- Born: Bombay, India

Academic background
- Education: University of Texas Health Science Center at San Antonio (PhD, 1992)

Academic work
- Institutions: University of Notre Dame

= Crislyn D'Souza-Schorey =

American-Indian biologist

Crislyn D'Souza-Schorey is an American-Indian biologist. She is the Morris Pollard Professor and former Department Chair of Biological Sciences at the University of Notre Dame. D'Souza-Schorey researches how membrane trafficking impacts cell motility under normal conditions and in disease states.

==Early life and education==
D'Souza-Schorey was born and raised in Bombay, India. She completed her bachelor's degree in India at the age of 19 and remained there for her Master's degree. D'Souza-Schorey then moved to the United States where she completed her PhD at the University of Texas Health Science Center at San Antonio in 1992.

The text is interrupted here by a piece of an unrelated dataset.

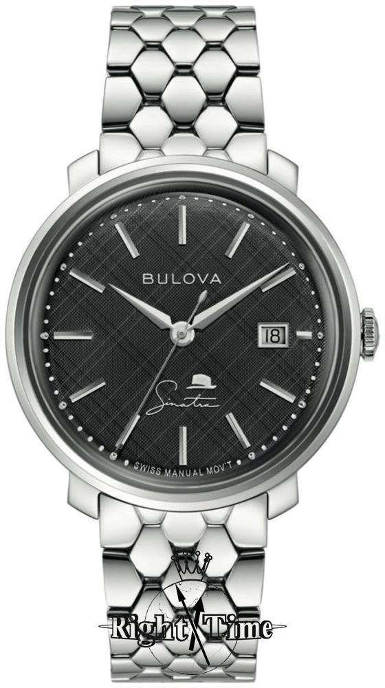 Bulova Frank Sinatra "The Best is Yet to Come" Collection. Model 96B346. Powered by Sellita SW215 manual wind movement. Stainless steel case with bracelet, grey textured brushed dial, open case back.

Following her PhD, D'Souza-Schorey accepted a postdoctoral fellowship at Washington University School of Medicine. In this role, she began researching therapeutics and diagnostics tools to cure cancer, specifically ARF6. Her research led to the discovery that ARF6 played a role in endosomal membrane trafficking and also governed structural organization at the cell surface.

==Career==
Following her postdoctoral fellowship, D'Souza-Schorey joined the University of Notre Dame faculty as the Walther Cancer Institute Junior Chair in 1998. Upon starting her own laboratory, she found that ARF6 regulated cell-cell contact. D'Souza-Schorey then began looking into how epithelial cells developed by examining how the protein affected and altered tumor cells.

In 2009, she published a paper which identified a unique population of microvesicles that are enriched in proteases-mediators of tissue degradation. The release of these microvesicles provides a mechanism of tissue breakdown and remodeling at distant sites. As a result of her academic accomplishments, D'Souza-Schorey was elected a Fellow of the American Association for the Advancement of Science in 2012.

In 2014, D'Souza-Schorey became the first woman to be appointed the Department Chair of Biological Sciences at Notre Dame. While serving in this role, she received a patent for a method for detecting invasive microvesicles derived from tumor cells. In 2020, D'Souza-Schorey was recognized with the school's Faculty Award for her "outstanding service to the University such as through leadership activities, mentoring faculty colleagues, or exemplary dedication to students." Later that year, she stepped down as department chair and was replaced by Jason Rohr. In 2022, D'Souza-Schorey was named co-editor-in-chief of the Federation of American Societies for Experimental Biology BioAdvances journal.

==Personal life==
D'Souza-Schorey is married to biologist Jeffrey Schorey and they have one son together.